AIM OF THE TASK: Repeat the listing that follows exactly. Pictures are not part of the copy.

DATASET EXCERPT:
□ □ □ □ □

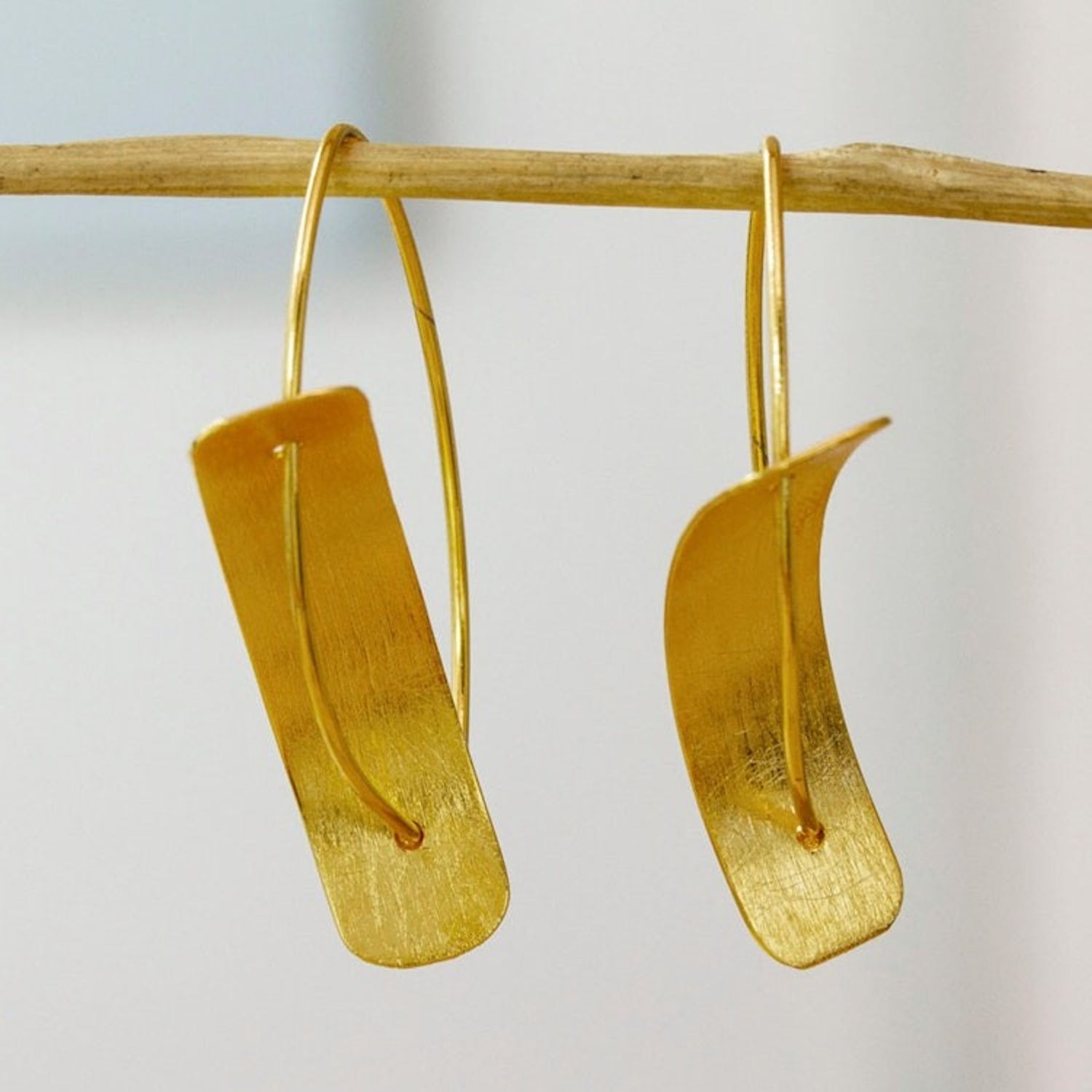 Handcrafted in Mexico from 24k gold-plated zinc with a high-polish finish. The earrings feature hook earrings and measure 1.8 inches L x 1.4 inches W.
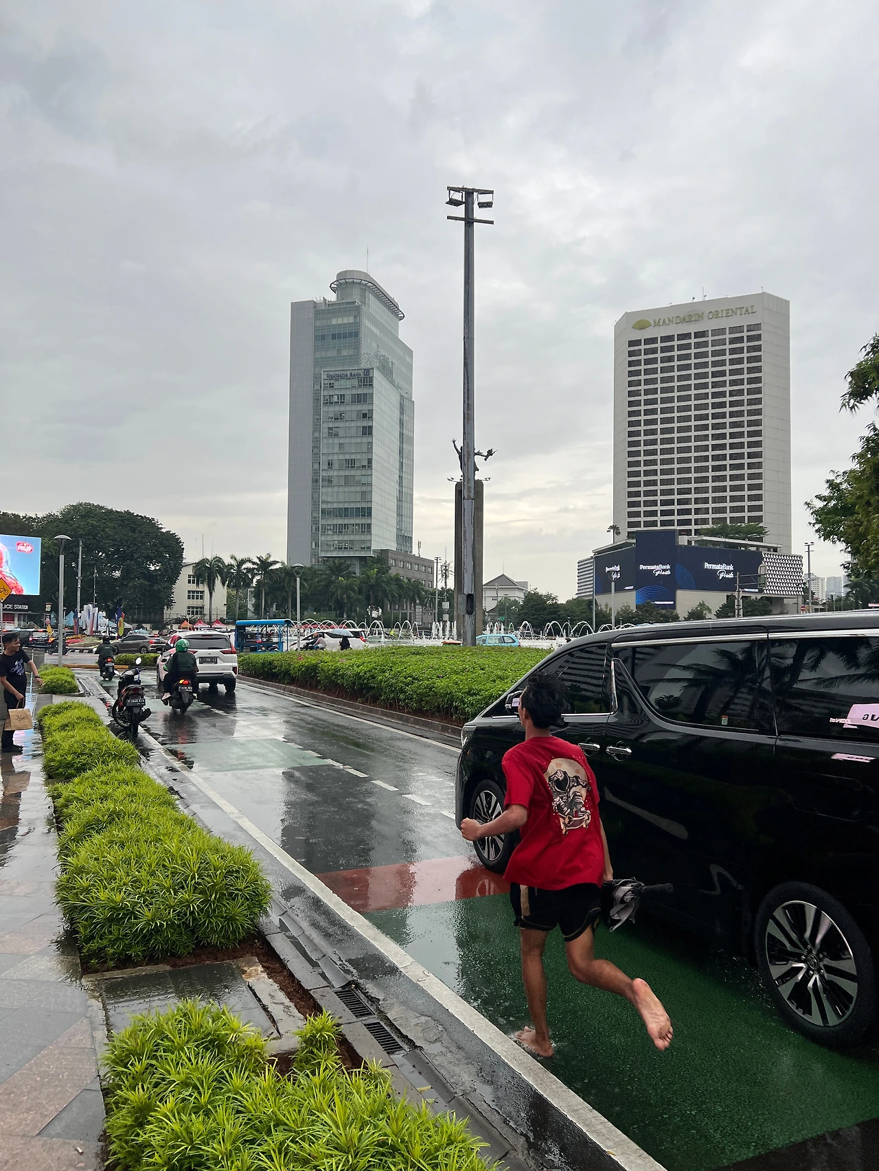 아, 또 비가 내리네. 그렇게 거세게 내리지는 않지만 젖을 정도는 내린다. 두 손을 펴서 머리와 이마를 가리며 주위를 둘러본다. 몇몇 사람들은 우산을 쓰고 있기도 한데 대부분 그냥 맞으며 걸어간다. 그냥 시원하게 맞으며 걸어가자, 하고 마음먹고 손을 내렸다. 하늘을 쳐다보며 얼굴로 비를 맞았다. 시원하게 정화되는 느낌이 든다. 주위를 둘러보니 나는 자카르타 대로 한복판에 서 있다.
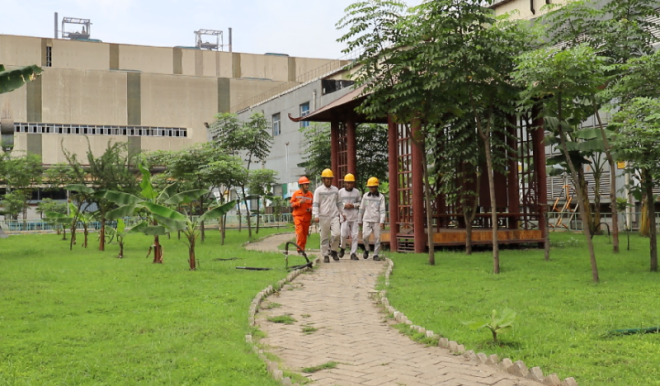 作為我國鋼鐵行業環保標桿德龍鋼鐵的一員,德信鋼鐵在快速發展的同時積極落實環保理念,“德信標準”遠超當地環保標準,經第三方檢測,顆粒物、二氧化硫、一氧化氮的實際排放數值分別為印尼當地環保標準的 17.57%、0.55%、1.83%。為了打造環境優美的綠色工廠,德信鋼鐵還在工廠的通道兩側栽種了大量樹木,打造出了綠色景觀。

□ □ □ □ □

ANSWER FOR THIS EXERCISE:
 Handcrafted in Mexico from 24k gold-plated zinc with a high-polish finish. The earrings feature hook earrings and measure 1.8 inches L x 1.4 inches W.
 아, 또 비가 내리네. 그렇게 거세게 내리지는 않지만 젖을 정도는 내린다. 두 손을 펴서 머리와 이마를 가리며 주위를 둘러본다. 몇몇 사람들은 우산을 쓰고 있기도 한데 대부분 그냥 맞으며 걸어간다. 그냥 시원하게 맞으며 걸어가자, 하고 마음먹고 손을 내렸다. 하늘을 쳐다보며 얼굴로 비를 맞았다. 시원하게 정화되는 느낌이 든다. 주위를 둘러보니 나는 자카르타 대로 한복판에 서 있다.
 作為我國鋼鐵行業環保標桿德龍鋼鐵的一員,德信鋼鐵在快速發展的同時積極落實環保理念,“德信標準”遠超當地環保標準,經第三方檢測,顆粒物、二氧化硫、一氧化氮的實際排放數值分別為印尼當地環保標準的 17.57%、0.55%、1.83%。為了打造環境優美的綠色工廠,德信鋼鐵還在工廠的通道兩側栽種了大量樹木,打造出了綠色景觀。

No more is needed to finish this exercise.